Due to the nature of MPC in general and MAMBA in particular, some of its functionality is rather different than in Python. Some functions present in many modern programming languages are not naturally given, for example else if-statements, floating point number read-in from a file, random number generation within an interval, or a convenient way to handle arrays/vectors. Therefore, in addition to the measurements, a few implementations such as a way to import floating point numbers in MAMBA and a custom vector-type class for ease of implementing MAMBA is part of the code base. The code for this can be found in the Github repository and we hope it helps for future projects with SCALE-MAMBA.
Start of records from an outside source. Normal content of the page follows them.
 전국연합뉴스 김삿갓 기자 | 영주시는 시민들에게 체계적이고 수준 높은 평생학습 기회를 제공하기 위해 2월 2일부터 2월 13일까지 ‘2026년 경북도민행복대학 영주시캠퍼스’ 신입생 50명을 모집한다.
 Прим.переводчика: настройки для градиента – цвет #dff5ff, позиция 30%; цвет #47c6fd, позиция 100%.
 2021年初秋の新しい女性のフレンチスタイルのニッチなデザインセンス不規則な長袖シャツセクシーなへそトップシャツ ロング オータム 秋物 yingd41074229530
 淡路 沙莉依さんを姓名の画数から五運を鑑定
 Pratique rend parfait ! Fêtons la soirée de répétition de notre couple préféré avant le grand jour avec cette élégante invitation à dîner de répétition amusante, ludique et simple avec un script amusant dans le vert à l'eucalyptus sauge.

Summary of Findings and Outlook
The results presented in this work show, that multiparty computation based on SPDZ is not ready for production, yet. Especially, improvements on the speed of the preprocessing, but also the online phase are necessary for widespread use. We implemented and tested the performance of two algorithms in regards to speed and precision in comparison to a non-MPC version in Python. The results show an overall decrease of speed of the online phases of three to four orders or magnitude in case of the simple linear regression (depending on number of participants) and four orders of magnitude for the more complex neural network in comparison to the Python version. In some cases, this could be tolerable. However, the preprocessing phase can become very time consuming. Also, for IoT devices and other computationally weak devices, the computationally heavy preprocessing can pose a significant challenge.
Nevertheless, there are promising other approaches. For example, when it comes to usability, improvement can be reached with the approach of Morten Dahl (described here and here). A trusted third party creates the preprocessed items. By doing so, Python including TensorFlow and other frameworks can be used for the implementation of the algorithm. However, this is not trustless anymore, which is only applicable to some use cases. To the best of our knowledge, our neural network is the first implementation of a more than 2-party privacy preserving neural network based on the SPDZ protocol, where no trusted third party as crypto provider is required for the preprocessing phase.
We conclude that MPC computation has only restricted practicability in its current state, even with a sophisticated library such as SCALE-MAMBA. It also mainly depends on the application and the environment, if the use of SPDZ and MPC can currently make sense. Given the enhanced attention of public and research and the dramatic advances in privacy-preserving techniques in general and in MPC in particular throughout the past few years, real world applications in this context, not only based on SPDZ and the techniques investigated on here, are possible the future.